Material supplied:
__________________________________________________
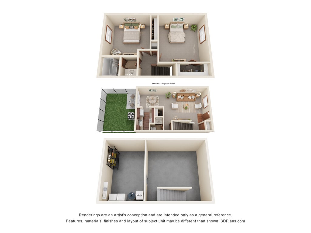 2 Dormitorios, 1.5 Baños, 1000 pies²Disponible AhoraGalería del Modelo
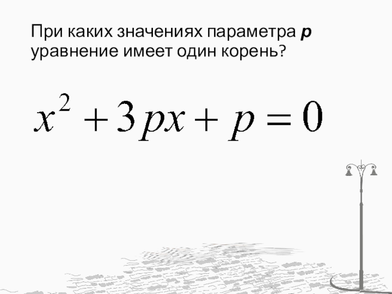 Слайд 14При каких значениях параметра р уравнение имеет один корень?
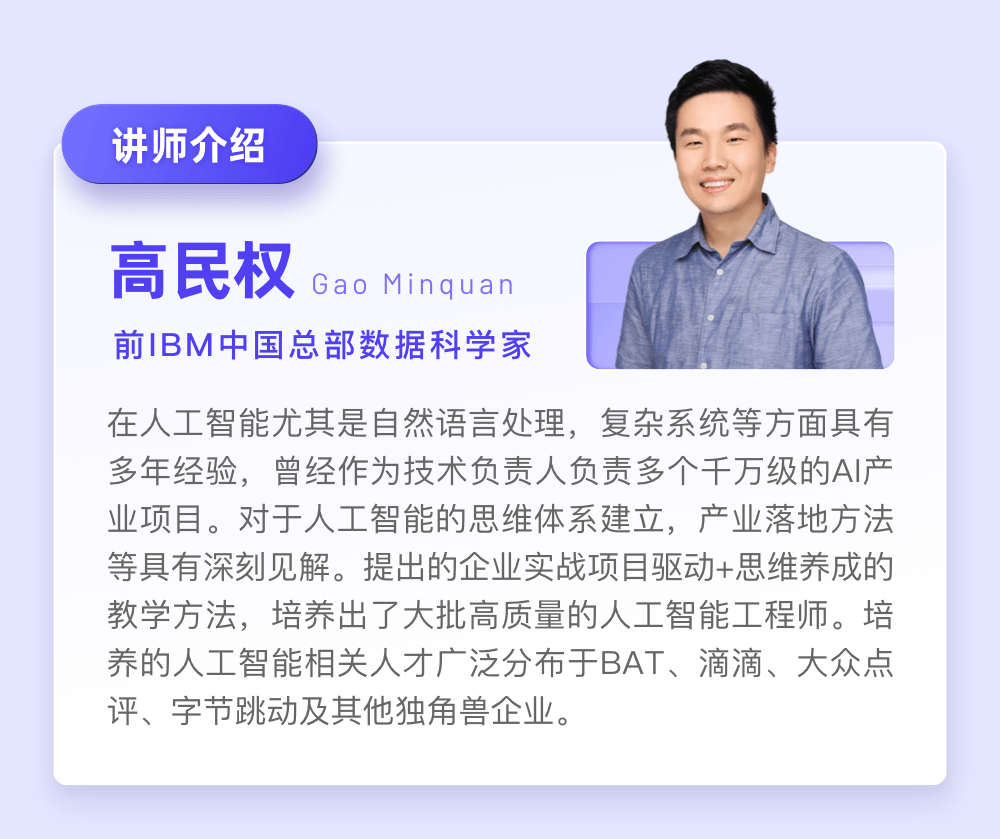 这次训练营的讲师是高民权老师,他从2018年至今,培养过诸多AI算法工程师,如果只算BAT、滴滴、字节跳动、微博、美团点评这些全国一线的企业,他的学生有超过50名就职在这些公司的算法岗位。入职后几乎很少有人跳槽或者被优化的,不少人现在也做到了技术leader这个级别。
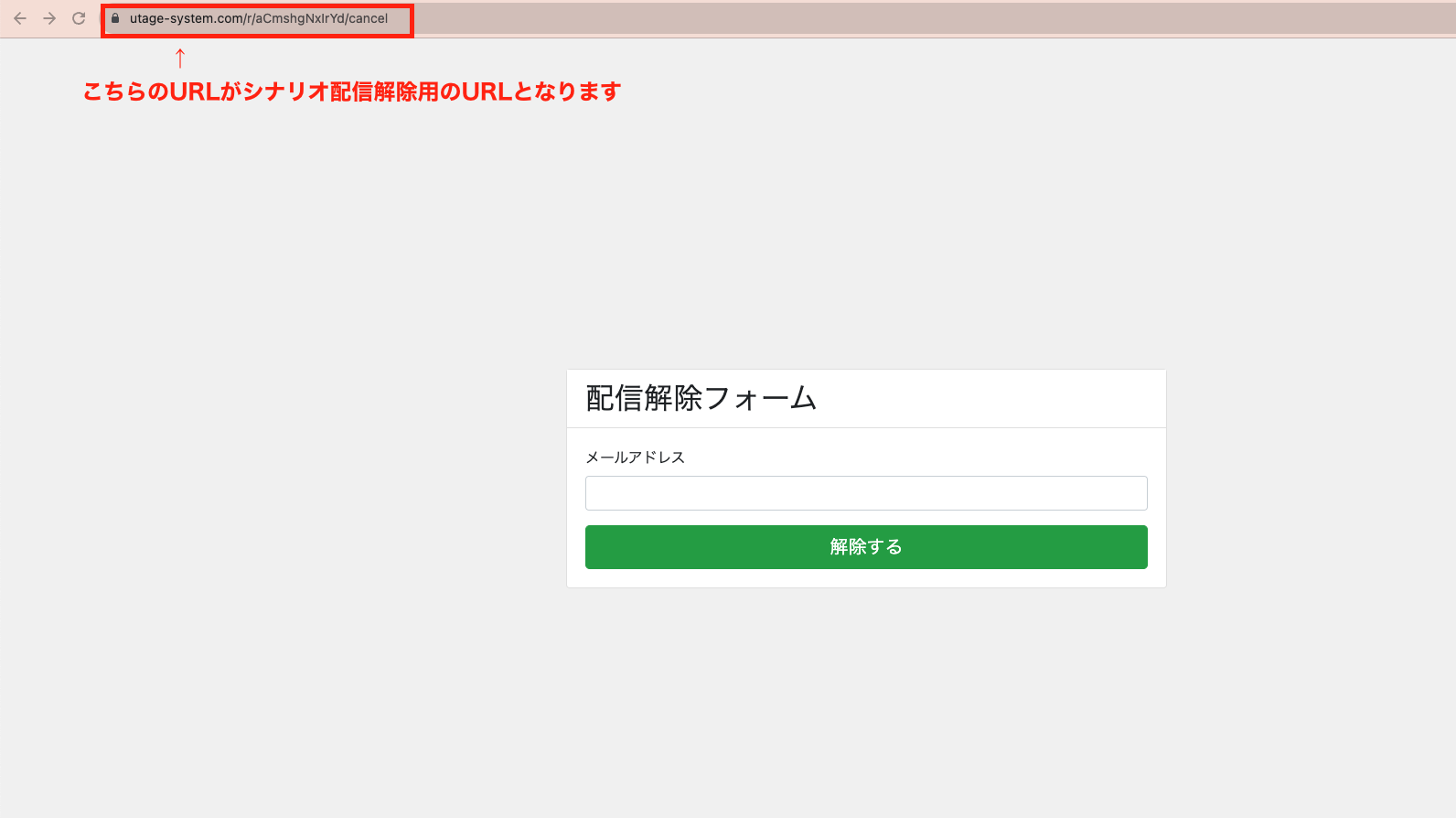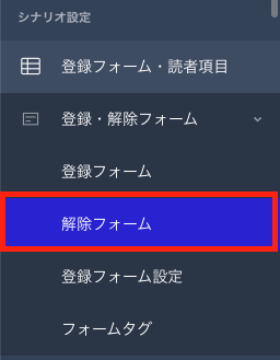 該当シナリオの左メニュー【登録フォーム・解除フォーム】>【解除フォーム】より、シナリオの配信解除フォームを表示できます。
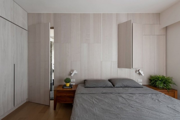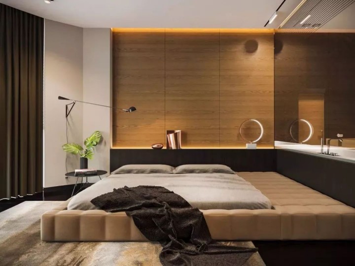 床頭設計護墻是很常見的,整面木質護墻不僅有著很好的隔音效果,更能營造出安靜的睡眠氛圍。
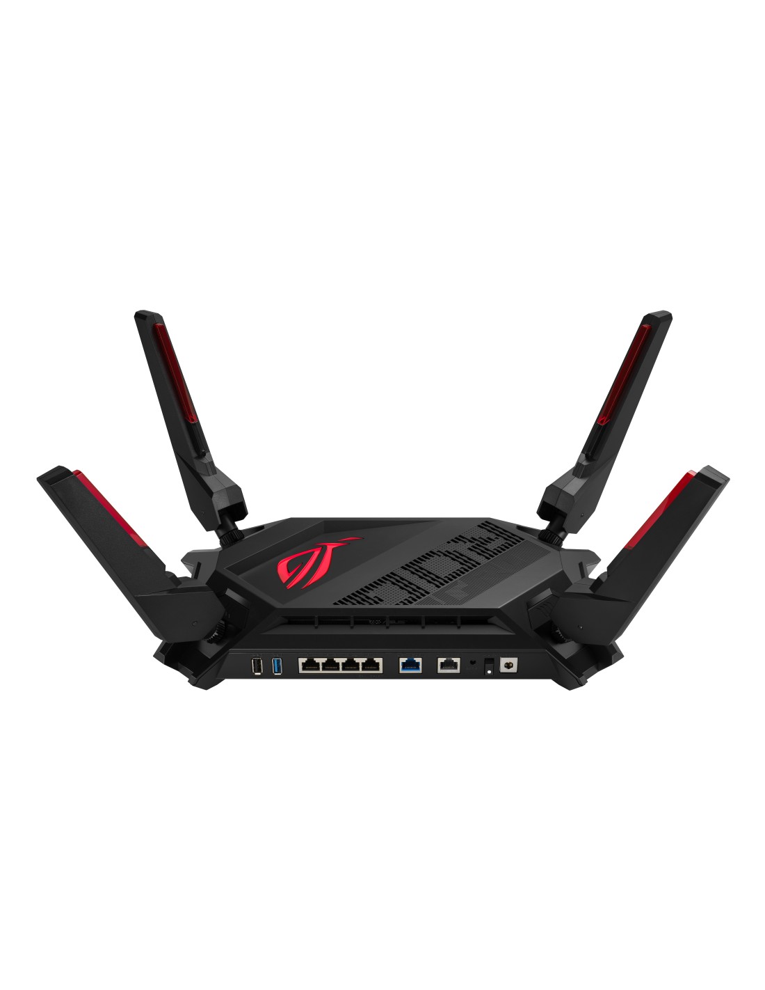 ASUS GT-AX6000 AiMesh. Tipo de conexión WAN: RJ-45. Banda Wi-Fi: Doble banda (2,4 GHz / 5 GHz), Estándar Wi-Fi: Wi-Fi 6 (802.11ax), Tasa de transferencia de datos WLAN (máx.): 4804 Mbit/s. Tipo de interfaz Ethernet LAN: Gigabit Ethernet, Ethernet LAN, velocidad de transferencia de datos: 10,100,1000,2500 Mbit/s, Estándares de red: IEEE 802.11a, IEEE 802.11ac, IEEE 802.11ax, IEEE 802.11b, IEEE 802.11g, IEEE 802.11n. Algoritmos de seguridad soportados: WPA, WPA2, NAT, funcionalidad: PPTP, L2TP, IPSec, RTSP, H.323, SIP Passthrough,PPPoE relay. Tipo de producto: Router de sobremesa, Color del producto: Negro, Indicadores LED: LAN, Poder, WAN, WPS
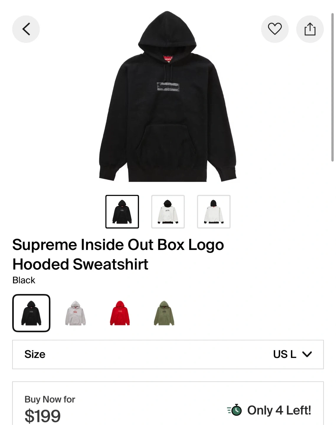 Supreme Inside Out Box Logo Hooded Black Size Large
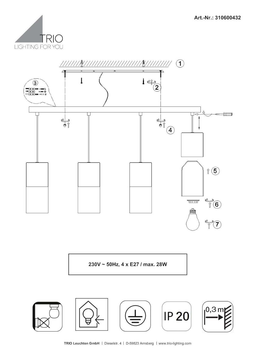 Für den Betrieb sind 4 Leuchtmittel für Fassung E27 erforderlich
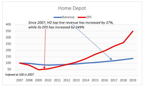 Since 2007, Home Depot’s top-line revenue has increased by 37%, while its EPS has increased by 249%, almost 7x more.
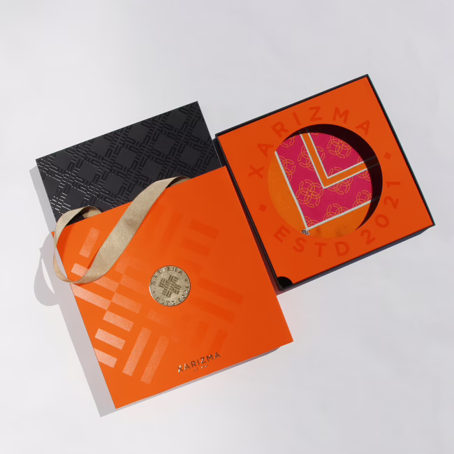 Description: Silk twill scarf with sterling silver Xarizma logo
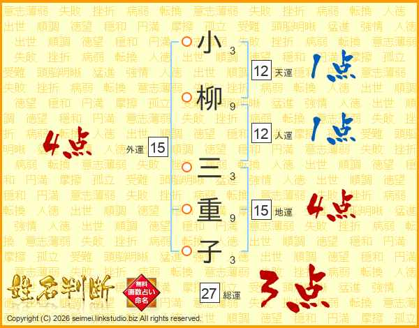 小柳三重子さんの総運は27画の3点!
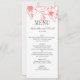 Elegante y romántico estilo magnolia boda diseño de cartas de menú para la cena en tonos grises de coral y agua caliente.
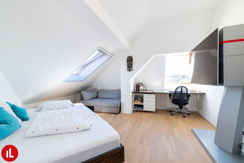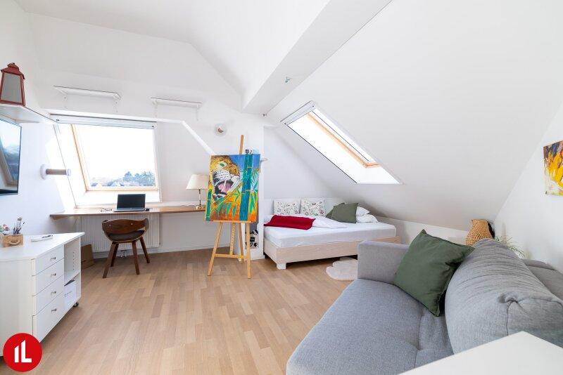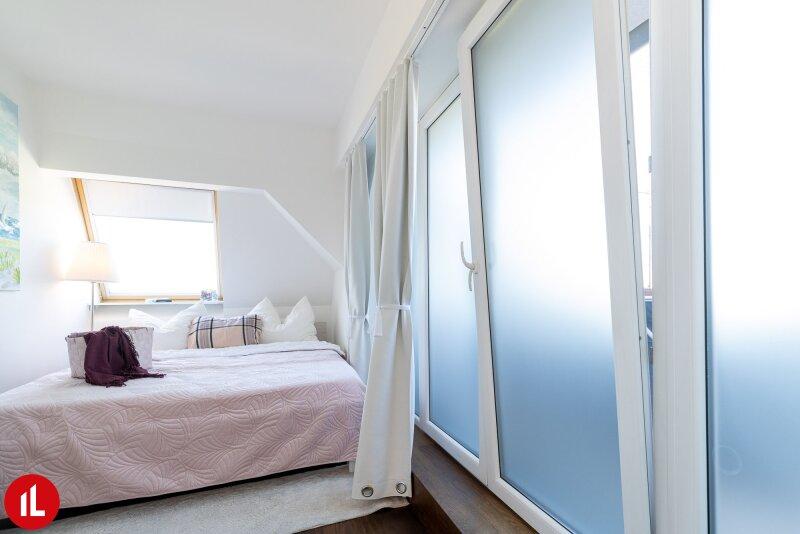 Großzügige Fensterfronten sorgen für viel Tageslicht in allen Räumen. Ein Schlafzimmer bietet ebenfalls Zugang zur Terrasse, während zwei weitere Zimmer mit Dachfenstern und Weitblick punkten.
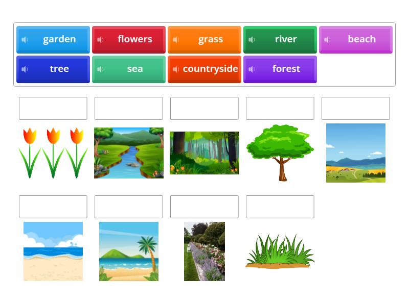 beach, countryside, flowers, forest, garden, grass, river, sea, tree,
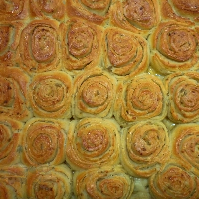 A tészta nagyobbik felét is kinyújtom ,megkenem a töltelékkel,
__________________________________________________
Exercise description: Print again, exactly, the lines of the records above from the first line through the line with "床頭設計護墻是很常見的,整面". No pictures.

Solution below:
 2 Dormitorios, 1.5 Baños, 1000 pies²Disponible AhoraGalería del Modelo
 Слайд 14При каких значениях параметра р уравнение имеет один корень?
 这次训练营的讲师是高民权老师,他从2018年至今,培养过诸多AI算法工程师,如果只算BAT、滴滴、字节跳动、微博、美团点评这些全国一线的企业,他的学生有超过50名就职在这些公司的算法岗位。入职后几乎很少有人跳槽或者被优化的,不少人现在也做到了技术leader这个级别。
 該当シナリオの左メニュー【登録フォーム・解除フォーム】>【解除フォーム】より、シナリオの配信解除フォームを表示できます。
 床頭設計護墻是很常見的,整面木質護墻不僅有著很好的隔音效果,更能營造出安靜的睡眠氛圍。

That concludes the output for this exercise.